Zur Erinnerung: Die Teilnahme an Integrationskursen kann bestimmten Personengruppen verpflichtend auferlegt werden. Dazu zählen in der Regel Neuzugewanderte mit Schutzstatus oder Menschen ohne Schutzstatus, deren Aufenthaltstitel die Teilnahme an einem Integrationskurs vorsieht. Bislang wurden diese Kurse vom BAMF finanziert. Wer nicht unter diese Gruppen fiel, konnte unter bestimmten Bedingungen freiwillig teilnehmen – etwa zur Verbesserung der eigenen Arbeitsmarktchancen oder zur Sicherung beziehungsweise Verlängerung der Aufenthaltsgenehmigung in Deutschland. Diese freiwillige Teilnahme soll nun stärker reguliert werden – zugunsten drastischer Kostensenkungen und zulasten von Lernenden aus Nicht-EU-Staaten.
Die neuen Regelungen sollen bereits ab Juni gelten. Ab November sollen die Erstorientierungskurse für Menschen im Asylverfahren deutlich ausgeweitet werden. Für uns DaZ-Lehrkräfte bedeutet diese Politik: weniger Kurse, weniger Honorarverträge, mehr Unsicherheit. Schon heute arbeiten viele Kolleg:innen unter prekären Bedingungen. Einen kürzlich in der DA erschienenen Erfahrungsbericht einer DaZ-Lehrkraft findet ihr hier. Die geplanten Erstorientierungskurse verschärfen diese Situation weiter. Kürzere Kurse bedeuten kürzere Verträge, schlechtere Planbarkeit und noch stärkeren Druck auf Lehrkräfte und Lernende.
Viele Kolleg:innen fragen sich bereits jetzt, wie sie in den kommenden Monaten ihre Miete zahlen sollen. Andere denken darüber nach den Beruf zu verlassen. Während noch vor wenigen Jahren DaZ-Lehrkräfte händeringend gesucht wurden, wird ihre berufliche Existenz aktuell kaputtgespart.
Die Kürzungen treffen Menschen, die seit Jahren wichtige Arbeit leisten und selbst oft ohne feste Verträge, ohne bezahlte Ausfallzeiten und ohne echte soziale Absicherung arbeiten.

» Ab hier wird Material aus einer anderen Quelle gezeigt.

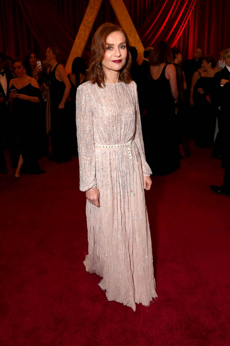 I really thought it was Isabelle’s though. I thought she wore a Best Actress dress, a dress that will hold up for decades. But silver is not gold. And gold won the night. Although at the Vanity Fair party, red won the carpet for Isabelle because this outfit, this red sheer blouse that’s tucked in so perfectly that it looks like it’s a mini-peblum from some angles, and the perfect red pencil skirt with the hip pockets, is just so stylish it’s really too bad she couldn’t have accessorised it with a trophy.

Gleichzeitig sinkt die Qualität des Unterrichts. Eine neue Sprache lernt man nicht im Schnelldurchlauf. Gute Sprachvermittlung braucht Zeit, Kontinuität und die Möglichkeit, auf individuelle Bedürfnisse einzugehen. Genau das droht verloren zu gehen. Besonders deutlich zeigt sich diese Entwicklung bereits jetzt bei den B2-Kursen. Finanziert werden häufig nur noch Berufssprachkurse. Sprache soll also fast ausschließlich im Kontext von Arbeit vermittelt werden. Alles andere – gesellschaftliche Teilhabe, politische Diskussionen, Freundschaften, Nachbarschaft, Kultur oder schlicht ein selbstbestimmtes Leben – spielt kaum noch eine Rolle.

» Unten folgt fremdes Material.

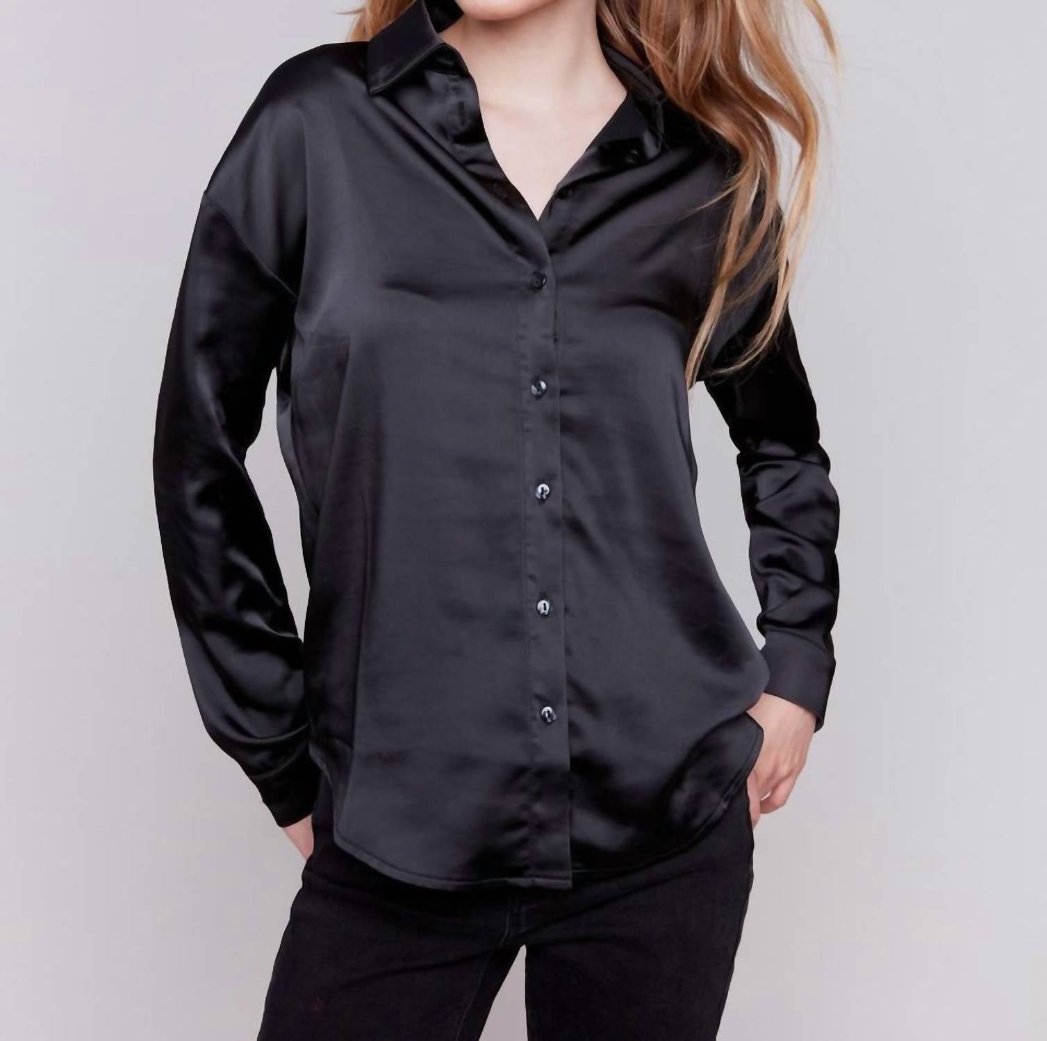 Uma blusa atemporal que nunca sai de moda. Apresentamos a Camisa de Botão em Cetim Sólido da CHARLIE B, uma adição sofisticada ao seu guarda-roupa. Esta blusa de manga comprida em um tom preto intenso oferece um design minimalista perfeito para eventos noturnos e também para uso profissional. Confeccionada em cetim para um toque luxuoso, possui gola clássica e fecho prático de botões. Cuidados: Lavar à mão e secar na horizontal.

Dabei wissen wir aus der Geschichte der Arbeiterbewegung, welche Rolle migrantische Kolleg:innen in Arbeitskämpfen gespielt haben – und weiterhin spielen. Sprachbarrieren waren dabei nie ein individuelles Problem, sondern immer auch eine Frage von Klassenpolitik. Wir rufen deshalb alle unsere Deutschlernenden und -lehrenden Genoss:innen dazu auf, mit uns über die geplanten Änderungen ins Gespräch zu kommen. Wir glauben, dass wir als Lehrende und Lernende in dieser Hinsicht zusammenstehen müssen.

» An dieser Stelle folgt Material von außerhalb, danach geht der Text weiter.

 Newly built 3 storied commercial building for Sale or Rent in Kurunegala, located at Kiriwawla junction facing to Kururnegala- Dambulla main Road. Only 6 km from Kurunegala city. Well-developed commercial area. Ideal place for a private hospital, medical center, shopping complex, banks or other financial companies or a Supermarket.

Für uns als Gewerkschafter:innen gehen damit neben schwindenden und sich ändernden individuellen Zukunftsperspektiven auch praktische Fragen einher: Wie können wir DaZ-Lehrkräfte besser vernetzen? Wie schaffen wir Strukturen gegenseitiger Unterstützung? Wie können wir gemeinsam Druck auf Bildungsträger ausüben? Und wie verhindern wir, dass Kolleg:innen vereinzelt aus dem Beruf gedrängt werden? Und weiter gefasst mit Blick auf den Abbau von Sprachbarrieren innerhalb der Arbeiter:innenklasse fragen wir: Werden wir künftig als FAU selbstorganisierte Deutschkurse aufbauen müssen, die wir unseren betriebsaktiven Genoss:innen finanzieren? Sollten Sprachkurse Teil unserer Organizing-Strategien werden – insbesondere in Branchen, in denen viele Kolleg:innen mit geringen Deutschkenntnissen arbeiten? Müssen wir stärker als bisher darauf hinarbeiten, dass Deutschkurse von Arbeitgeber:innen finanziert werden?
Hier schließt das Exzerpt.